As Mr Heathcote pointed out, the graph itself is a bit silly, but the idea that the basic unit of digital communication is "the website" has certainly peaked. (The meaning of "website" in this instance is hard to define, but we know it when we see it. And it probably involves a single URL that everything is hung from, an "about" page, legal disclaimers, some pointless Flash and a rotating product shot.)
Heathcote uses some Soho restaurants and cafes to illustrate his point. These places would once have had their own website with menus, opening hours etc. Now they just have Facebook pages and Twitter accounts. No-one has to remember the URL, they just remember who to friend and who to follow. Keeping these things up-to-date is easy when that's the prime purpose of the tool you're using. No need to wrestle with proprietary web software, you can update your promotions and special offers via SMS.
So while these things technically sit on the web, they're not from the static web of sites we used to know - they're from an emerging web of data and relationships that gets constructed on the fly.
All of which makes it harder again for the old-school branding artists who had just about bent the web to their will by inventing the brand microsite: a tiny perfect world where the experience was perfectly in line with the mis- sion statement and the image attributes. A virtual world where the logo was a game, everything was on-brand and no pesky customers would poke their heads in to mess everything up.

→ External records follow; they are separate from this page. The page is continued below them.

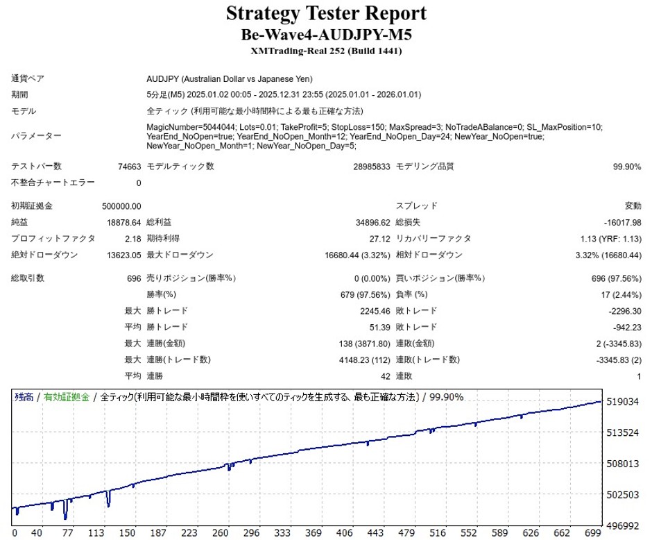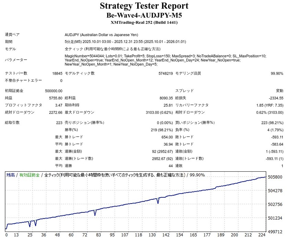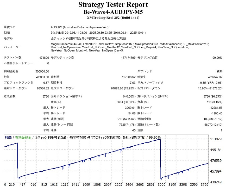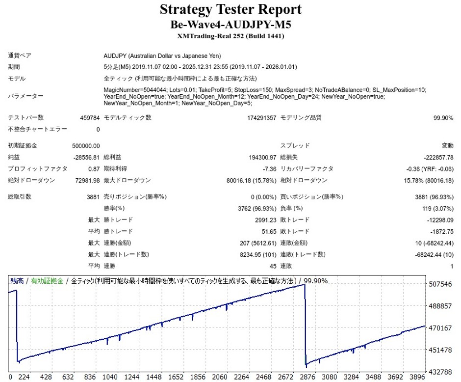 Be Wave 4 -AUDJPY M5-のEA検証結果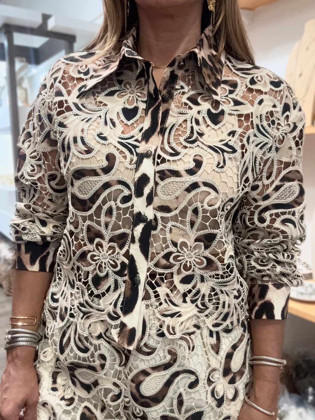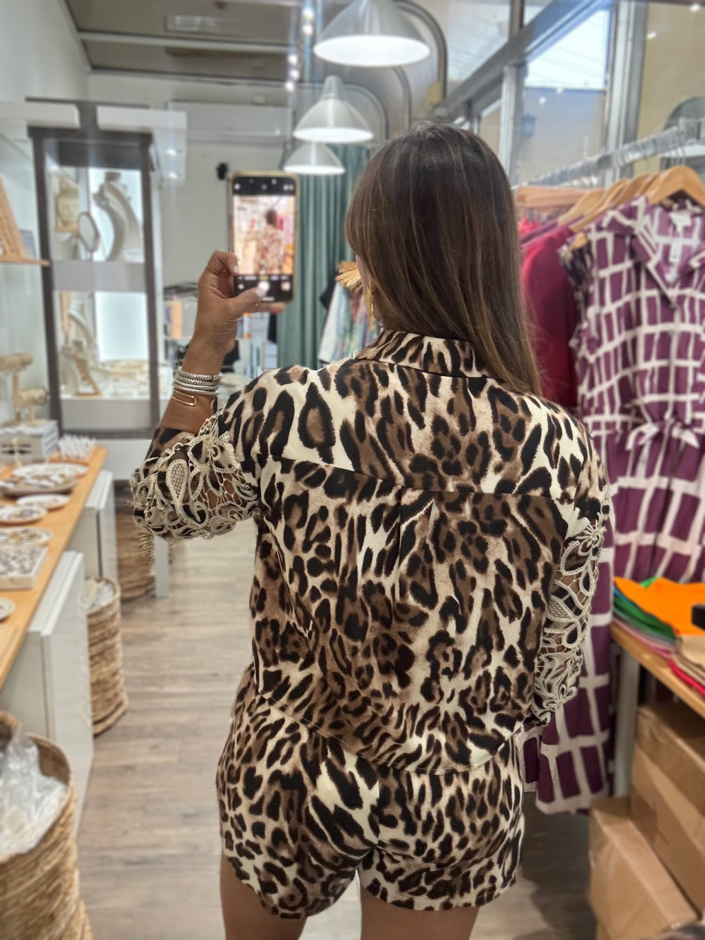 Leopard Print & Lace Top & Shorts Set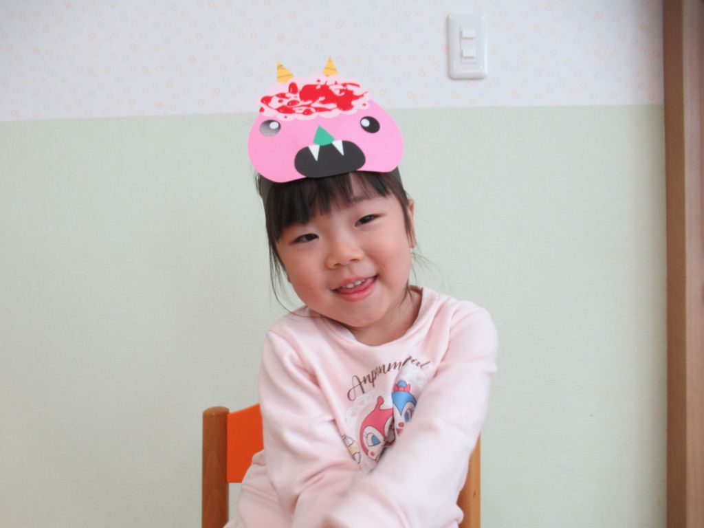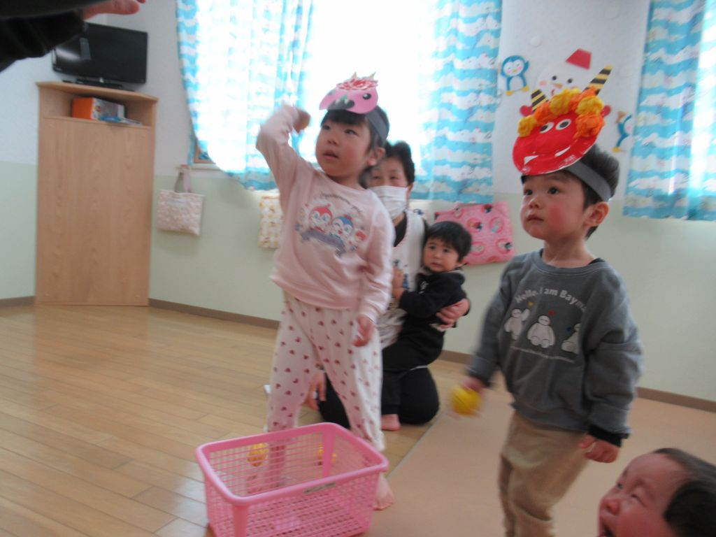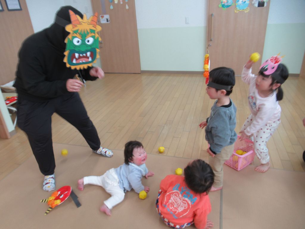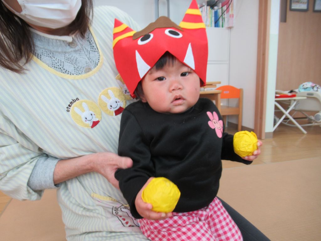 鬼を怖がりながらも、豆を投げて退治することができました☆彡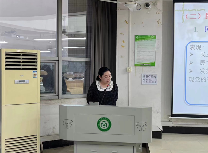其次,薛老师着重讲解了“党的组织制度内容”,深化了入党积极分子对党组织制度的印象。薛老师通过介绍民主集中制的含义、形成与发展、代表人物等内容,强调了民主集中制既是党的根本组织原则,也是群众路线在党的生活中的运用。紧接着,薛佳老师借由展示大量历史以及国内外的图片资料,阐明了民主与集中是辩证统一、相互制约的关系。而民主集中制作为党的根本组织原则,是党的组织制度的核心内容,因此运用和借鉴这一核心组织原则,巧妙而有力地处理党内关系、选举制度、党的各级领导机关地位及其各层次之间关系、党的上下级组织之间关系、党的领导人同党和人民之间的关系等诸多重要问题。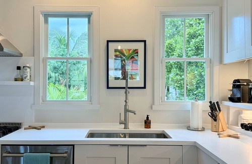 All the bedrooms feature king-sized beds and en suite bathrooms with double vanities. The kitchen is modern and fully equipped. There is a cozy indoor living room with a large smart TV, a lovely covered terrace with some of the best sunset views Harbour Island has to offer, and a bar area to test your mixology skills.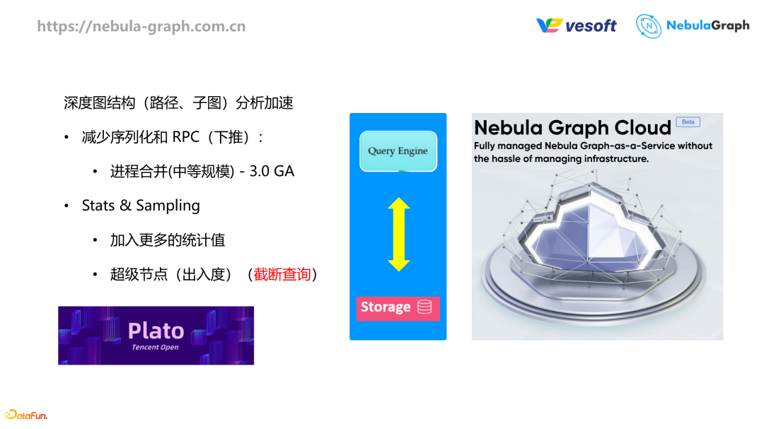 比如说减少序列化和 RPC,RPC 可以用下推的方式,但也可以用其他方式,比如进程合并的方式,把计算引擎和存储引擎尽量合并在一个进程里面,减少两者之间一次 RPC 涉及的大数据量的“序列化——传输——反序列化”过程,这个过程对于一次中等数据规模的传输来说占了其中的大部分资源。存储计算合并版本 Nebula Graph 已经进入 3.0 的主干版本了,当然这还有一个目的是为了在云服务上面使用。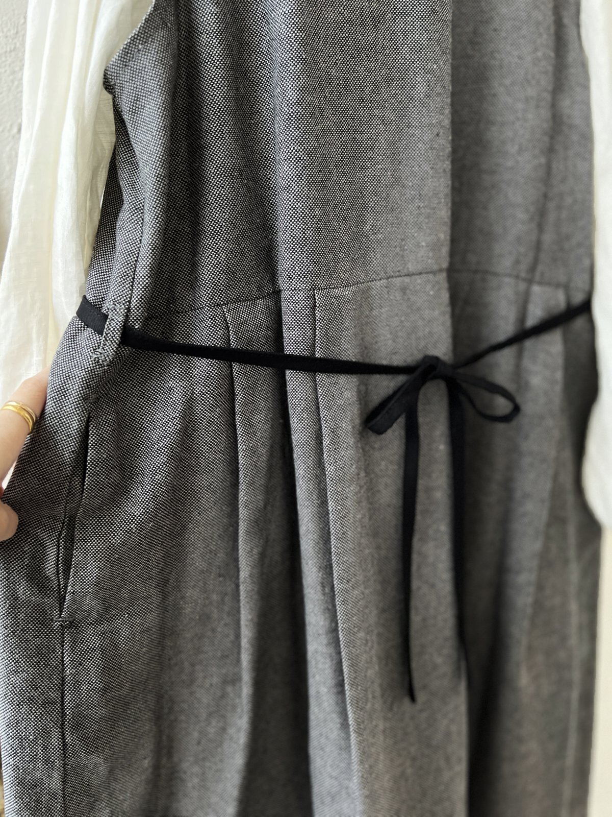 ウエストマークになるリボンは取り外しも可能。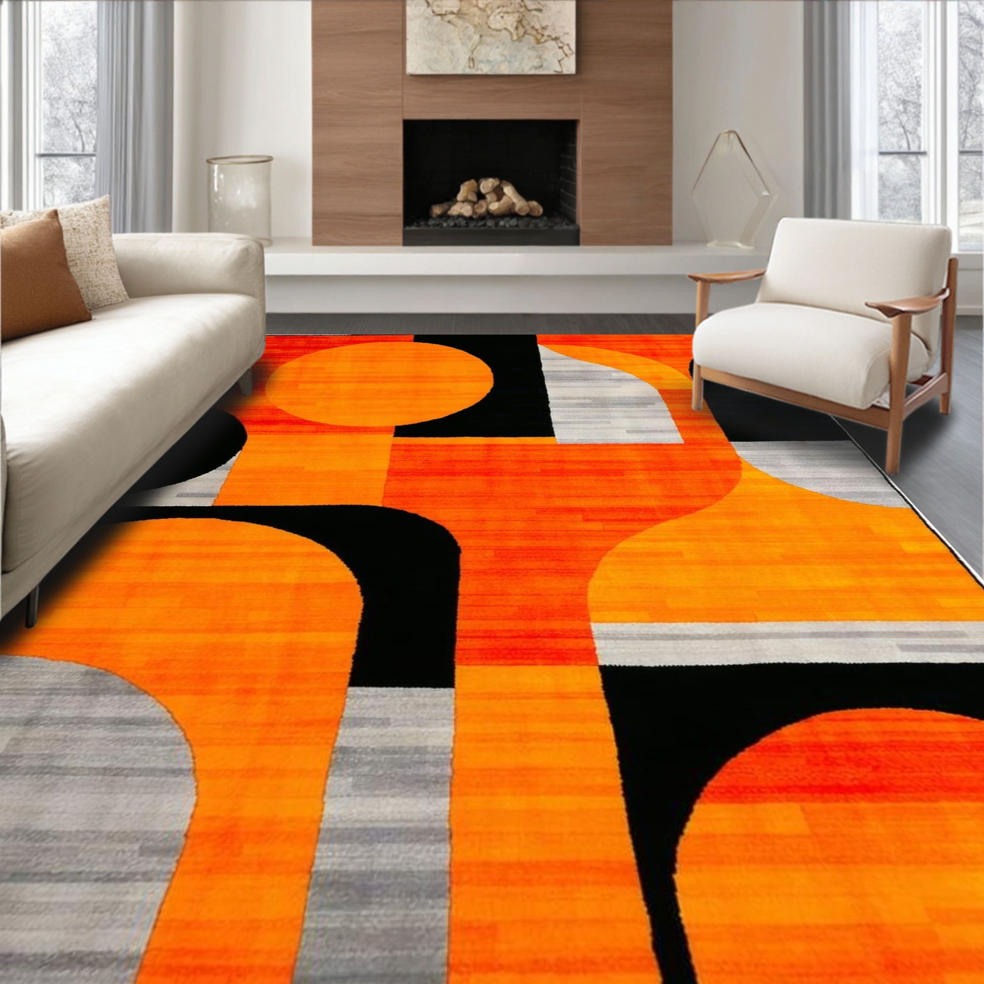 Bold Orange Geometric Energetic Rug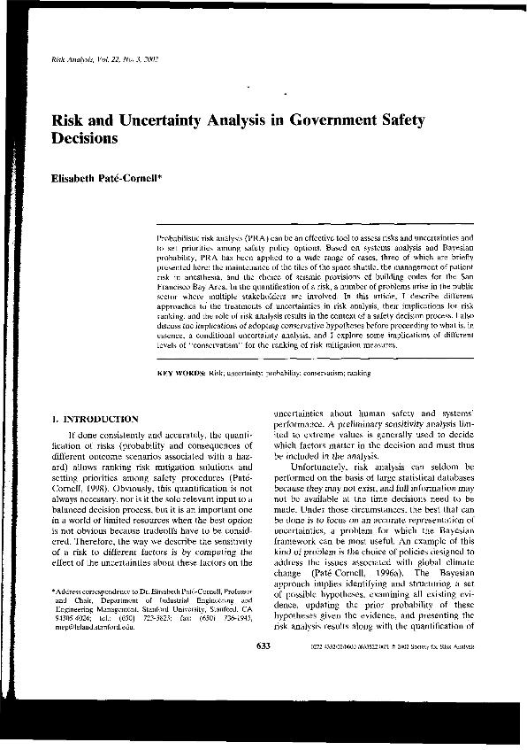 - En: Risk analysis : an international journal. - McLean, Virginia : Society for Risk Analysis, 1987-2015 = ISSN 0272-4332. - 07/07/2014 Volumen 34 Número 7 - julio 2014

Unfortunately, none of that's any use to you Post Web. Facebook and Twitter are the channel and the experience; you get a tiny icon and 140 text characters to deliver your brand values - echoing the tone and manner of the TV ads isn't going to get you anywhere. You have to optimise for interesting and usefulness, not for brand character and consistency. So if you can do interesting and be on-brand and squeeze it through a social service such as Twitter, then you're really on to something.
That's why I love the Kleenex Hayfever Mashup (Google it, or maybe even Bing it). It uses Twitter, a map and the gripes of Twittering hayfever sufferers to create something interesting, on-brand and even slightly useful. It's what the future of the branded social web might look like, but it won't win many prizes for art direction.